▼
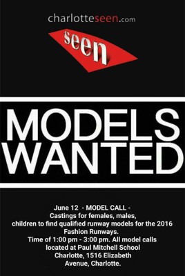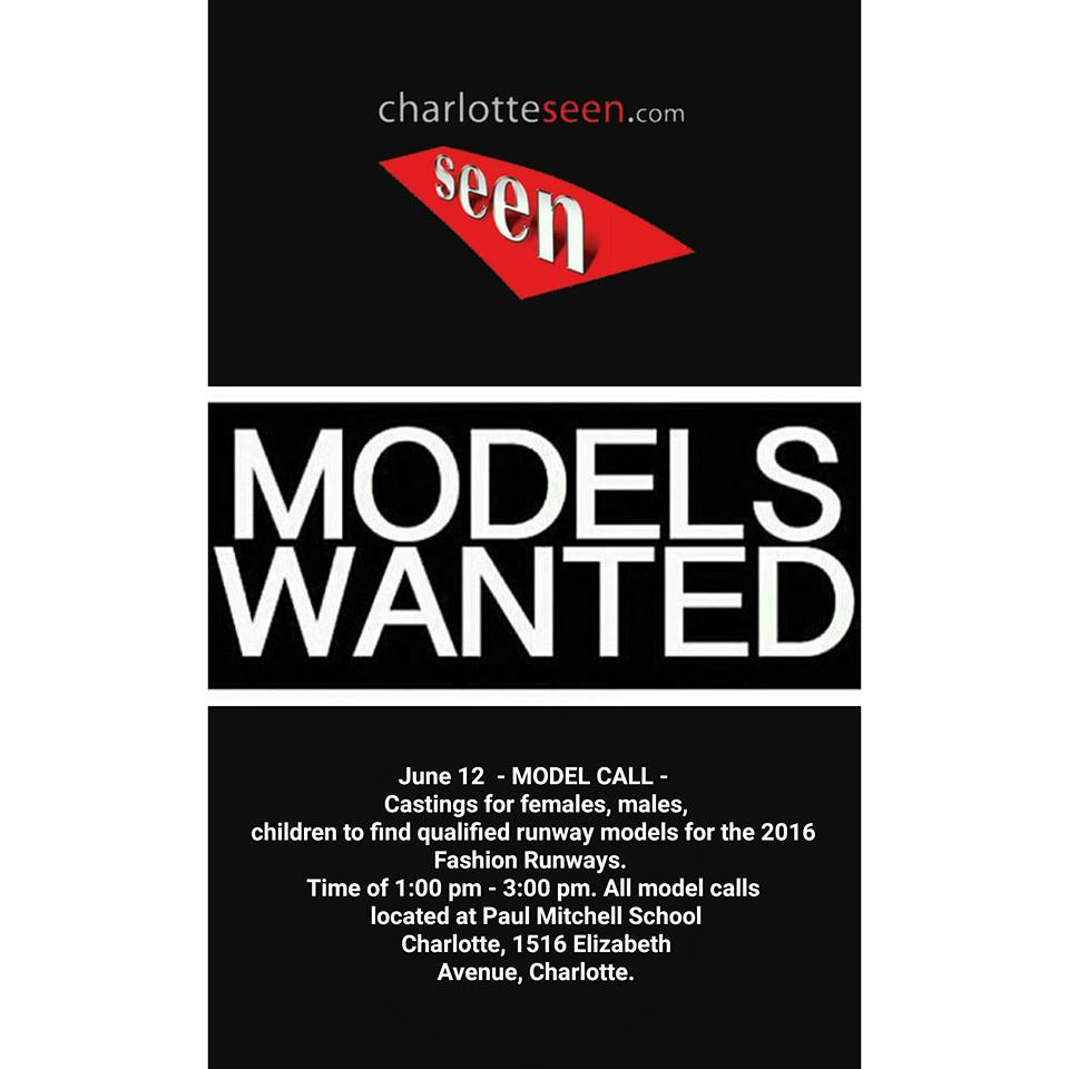 June 12, 2016 – MODEL CALLS – Castings for females, males, children to find qualified runway models for the 2016 Fashion Runways. Time of 1:00 pm – 3:00 pm. All model calls located at Paul Mitchell School Charlotte, 1516 Elizabeth Avenue, Charlotte
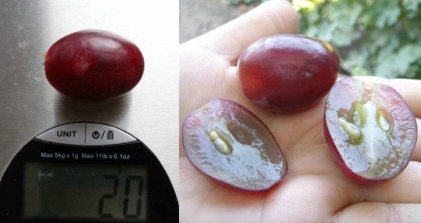 В гроздях формируются большие виноградины в виде овалов. В зрелом состоянии они имеют тёмно-красную окраску с густым восковым налётом. В среднем 1 виноградина может весить от 15 до 25 г.
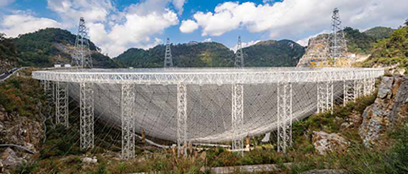 3、研制了500MPa超高应力幅及毫米级精度的结构钢索,发明了多种大跨度、高精度施工工法,突破了现场极其苛刻的复杂场地限制,实现了建设完成跨度极大、精度极高的望远镜主体结构,是建筑工程史上一大创举。
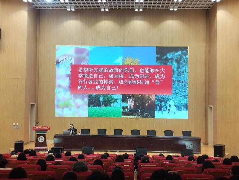 活动中,杨梅以“青春不设限,请勇往直前”为主线,结合自身从大学生到基层干部的成长历程,从三个层面展开分享:一是“选择奋进,用读书改写命运”,鼓励学子珍惜校园时光,刻苦学习;二是“选择感恩,在学校厚植根基”,倡导在实践中锤炼品格、回报社会;三是“选择担当,在基层锤炼成长”,强调青年应投身时代需要,在艰苦环境中锻炼成长。她通过讲述大学期间积极参与社会实践、调研活动的经历,诠释“读万卷书,行万里路”的真谛;并分享了自己毕业后扎根自贡基层、直面困难与质疑的奋斗故事,以实际行动证明青春可以在奉献中闪耀价值。整场演讲情感真挚、内容生动,为青年学生提供了一次与基层榜样对话的宝贵机会。杨梅的经历深刻阐释了“以青春之我,担时代之责”的精神内涵,激励在场同学在人生选择中锚定方向、勇于担当,以实际行动回应时代召唤。
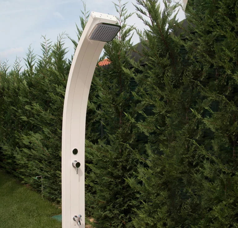 La doccia è un importante complemento d’arredo che sa valorizzare la piscina esterna. E’ un accessorio davvero funzionale, che consente di togliere residui di cloro o crema e di rinfrescarsi dal caldo senza entrare in acqua. Acquaform propone grandi possibilità di scelta, personalizzandola nelle forme e nei colori, per far sì che si integri perfettamente al giardino.
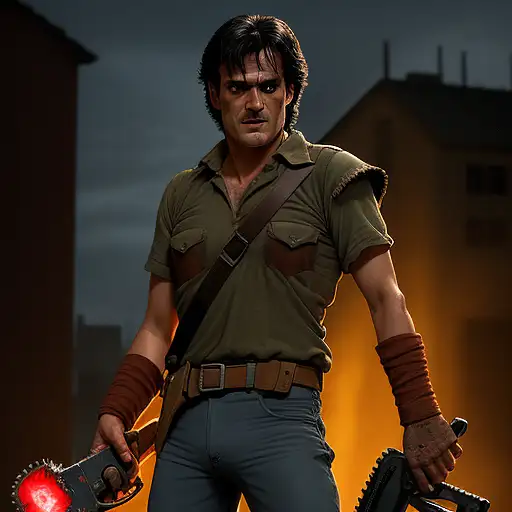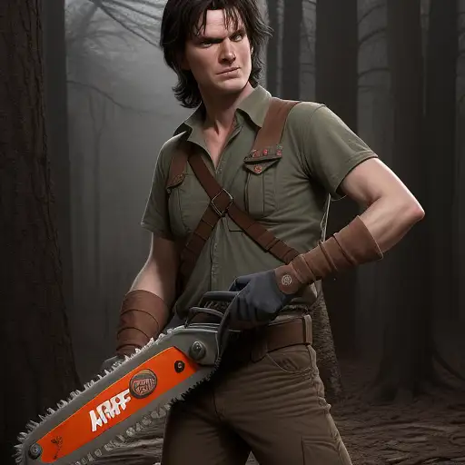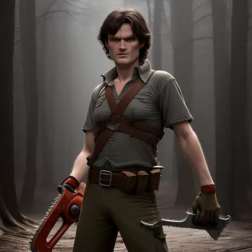 over 1 year ago Javier Mile as Ash, from Army Of Darkness, the Sam Raimi film, his left arm is replaced with a chainsaw, photo realistic, Ilustrapop1988 0 43
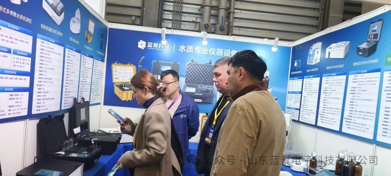蓝景科技的展位前人头攒动,工作人员忙碌而有序地接待着每一位来访者。他们面带微笑,用专业的知识和热情的服务,向来宾们介绍着公司的新产品和技术。通过现场演示和应用介绍,让大家充分感受到了蓝景科技在水质检测领域的深厚实力。
▲
• _Work instruction_: What is needed is a word-for-word restatement of the lines from the one holding "La doccia è" to the final line of the data above, inclusive, without any pictures.

• _Your response_:
 La doccia è un importante complemento d’arredo che sa valorizzare la piscina esterna. E’ un accessorio davvero funzionale, che consente di togliere residui di cloro o crema e di rinfrescarsi dal caldo senza entrare in acqua. Acquaform propone grandi possibilità di scelta, personalizzandola nelle forme e nei colori, per far sì che si integri perfettamente al giardino.
 over 1 year ago Javier Mile as Ash, from Army Of Darkness, the Sam Raimi film, his left arm is replaced with a chainsaw, photo realistic, Ilustrapop1988 0 43
蓝景科技的展位前人头攒动,工作人员忙碌而有序地接待着每一位来访者。他们面带微笑,用专业的知识和热情的服务,向来宾们介绍着公司的新产品和技术。通过现场演示和应用介绍,让大家充分感受到了蓝景科技在水质检测领域的深厚实力。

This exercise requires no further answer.